When you copy the material below, keep every line exact and omit the pictures.

[Start of section]

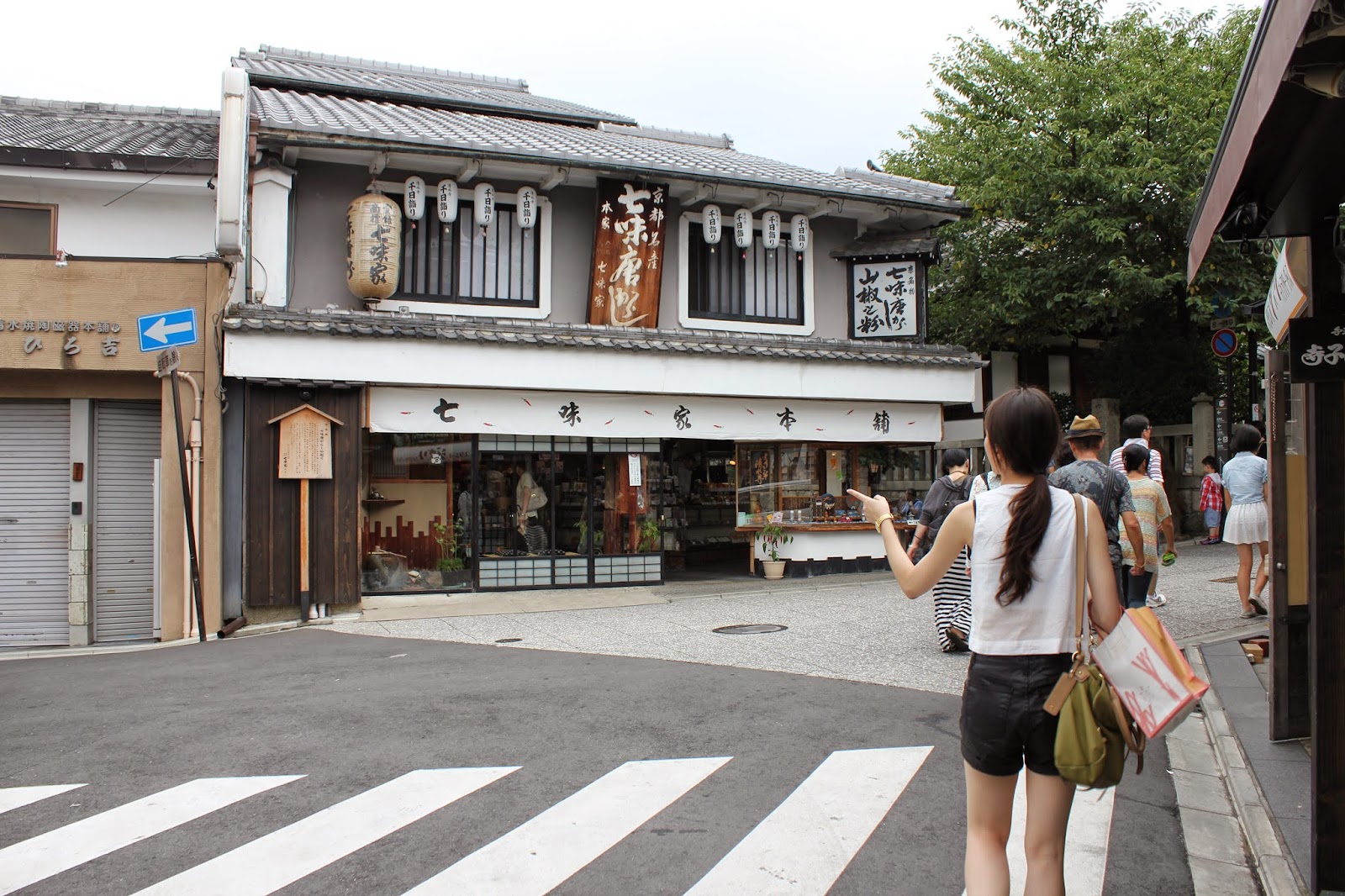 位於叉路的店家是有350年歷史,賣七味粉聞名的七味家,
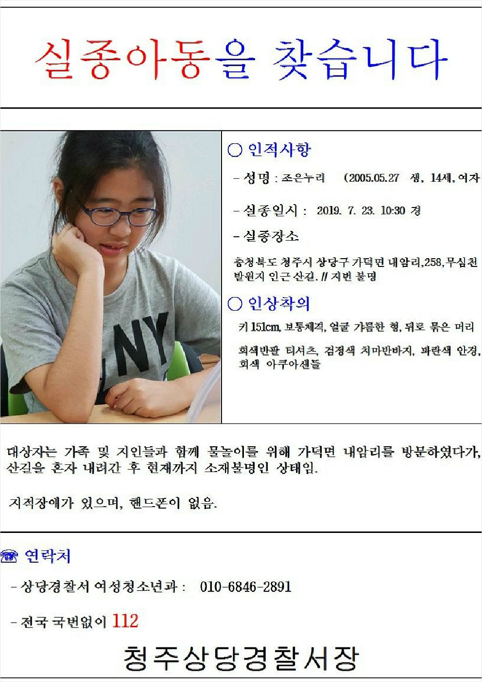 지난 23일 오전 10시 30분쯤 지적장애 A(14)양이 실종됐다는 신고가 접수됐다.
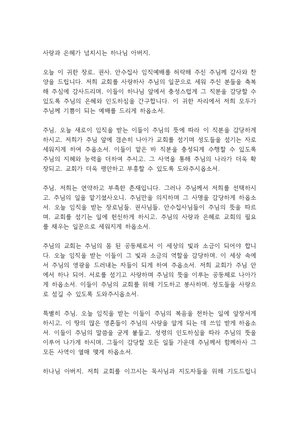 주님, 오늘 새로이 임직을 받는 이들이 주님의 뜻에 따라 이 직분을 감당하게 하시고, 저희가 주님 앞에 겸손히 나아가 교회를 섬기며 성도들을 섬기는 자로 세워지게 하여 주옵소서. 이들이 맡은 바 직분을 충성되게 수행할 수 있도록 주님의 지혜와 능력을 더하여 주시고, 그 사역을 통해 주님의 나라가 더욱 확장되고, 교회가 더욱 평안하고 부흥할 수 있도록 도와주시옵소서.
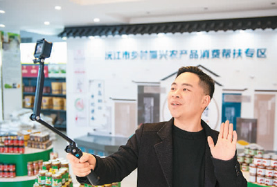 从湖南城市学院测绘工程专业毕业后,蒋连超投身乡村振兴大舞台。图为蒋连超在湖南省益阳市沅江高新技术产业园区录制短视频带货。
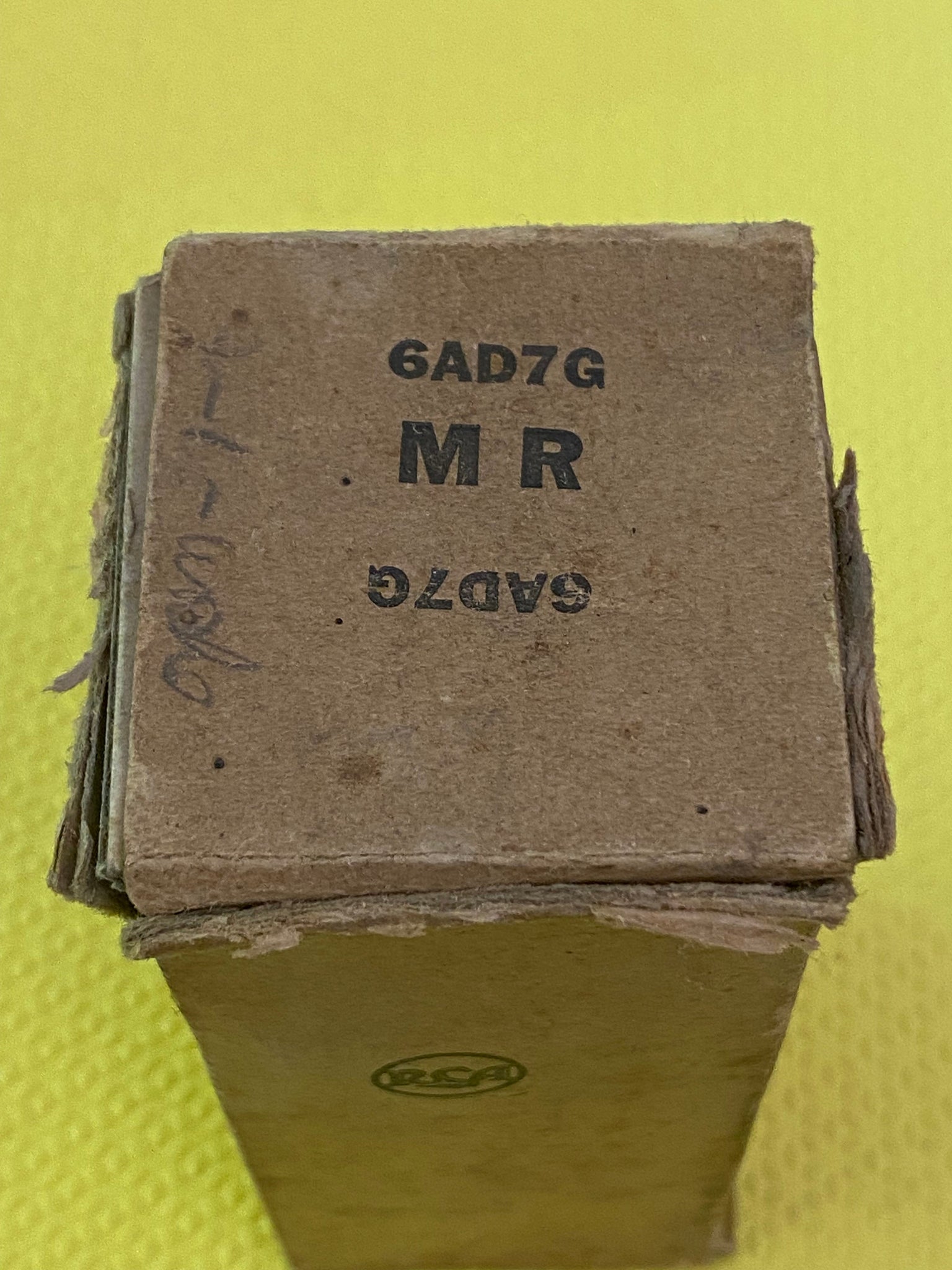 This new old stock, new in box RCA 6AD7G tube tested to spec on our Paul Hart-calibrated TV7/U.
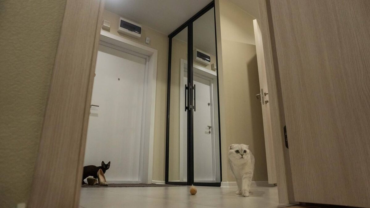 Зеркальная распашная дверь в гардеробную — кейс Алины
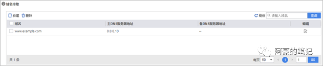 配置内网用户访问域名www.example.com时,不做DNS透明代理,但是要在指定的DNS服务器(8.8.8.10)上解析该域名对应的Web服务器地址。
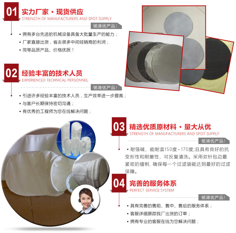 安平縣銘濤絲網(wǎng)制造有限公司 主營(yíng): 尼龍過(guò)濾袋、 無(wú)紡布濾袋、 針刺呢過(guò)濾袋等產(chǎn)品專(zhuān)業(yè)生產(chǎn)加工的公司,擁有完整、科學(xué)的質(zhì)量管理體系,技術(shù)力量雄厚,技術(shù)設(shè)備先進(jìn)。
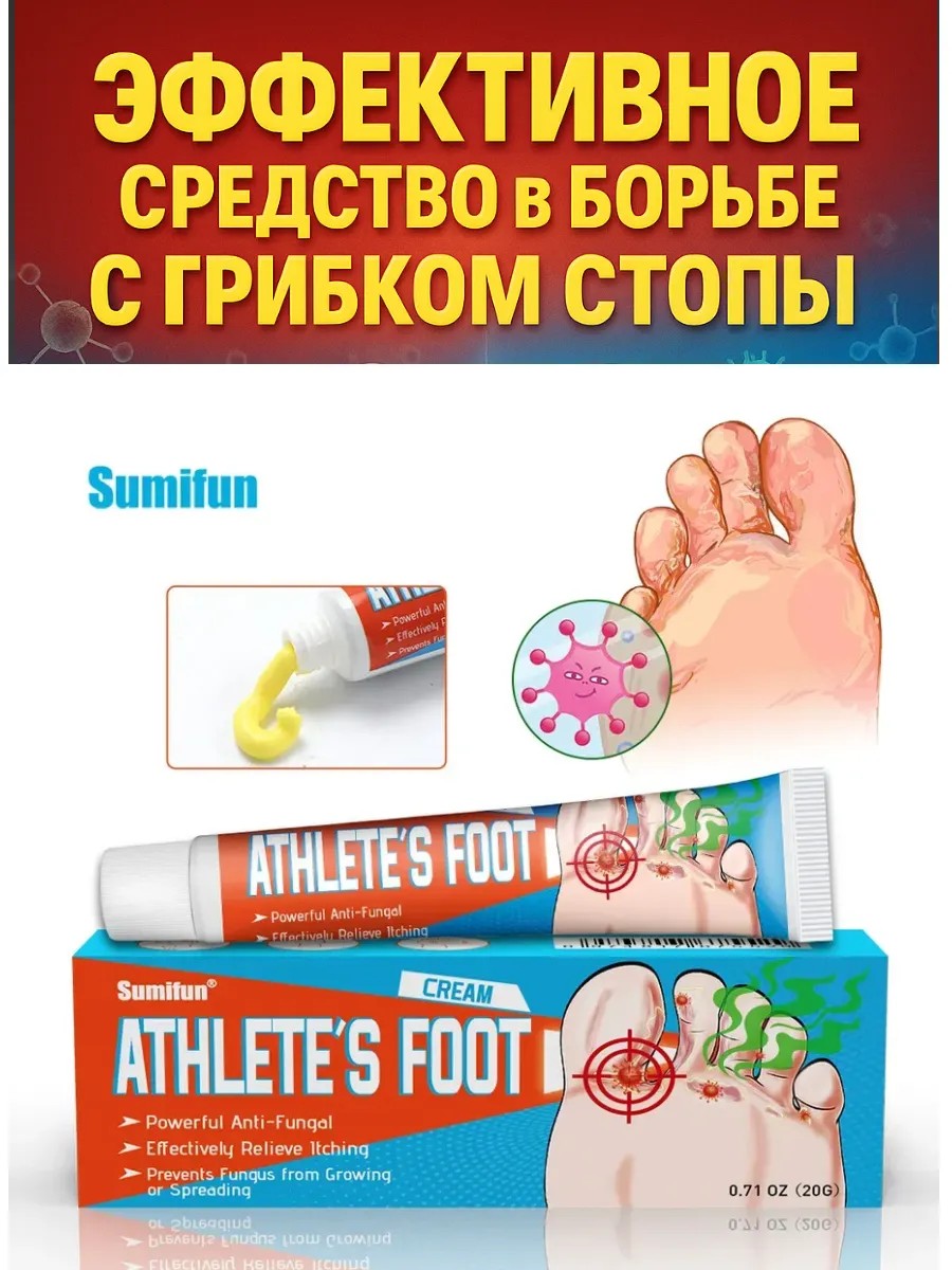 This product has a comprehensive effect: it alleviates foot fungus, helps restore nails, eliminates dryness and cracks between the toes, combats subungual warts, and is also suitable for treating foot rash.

[End of section]

*Solution below*
 位於叉路的店家是有350年歷史,賣七味粉聞名的七味家,
 지난 23일 오전 10시 30분쯤 지적장애 A(14)양이 실종됐다는 신고가 접수됐다.
 주님, 오늘 새로이 임직을 받는 이들이 주님의 뜻에 따라 이 직분을 감당하게 하시고, 저희가 주님 앞에 겸손히 나아가 교회를 섬기며 성도들을 섬기는 자로 세워지게 하여 주옵소서. 이들이 맡은 바 직분을 충성되게 수행할 수 있도록 주님의 지혜와 능력을 더하여 주시고, 그 사역을 통해 주님의 나라가 더욱 확장되고, 교회가 더욱 평안하고 부흥할 수 있도록 도와주시옵소서.
 从湖南城市学院测绘工程专业毕业后,蒋连超投身乡村振兴大舞台。图为蒋连超在湖南省益阳市沅江高新技术产业园区录制短视频带货。
 This new old stock, new in box RCA 6AD7G tube tested to spec on our Paul Hart-calibrated TV7/U.
 Зеркальная распашная дверь в гардеробную — кейс Алины
 配置内网用户访问域名www.example.com时,不做DNS透明代理,但是要在指定的DNS服务器(8.8.8.10)上解析该域名对应的Web服务器地址。
 安平縣銘濤絲網(wǎng)制造有限公司 主營(yíng): 尼龍過(guò)濾袋、 無(wú)紡布濾袋、 針刺呢過(guò)濾袋等產(chǎn)品專(zhuān)業(yè)生產(chǎn)加工的公司,擁有完整、科學(xué)的質(zhì)量管理體系,技術(shù)力量雄厚,技術(shù)設(shè)備先進(jìn)。
 This product has a comprehensive effect: it alleviates foot fungus, helps restore nails, eliminates dryness and cracks between the toes, combats subungual warts, and is also suitable for treating foot rash.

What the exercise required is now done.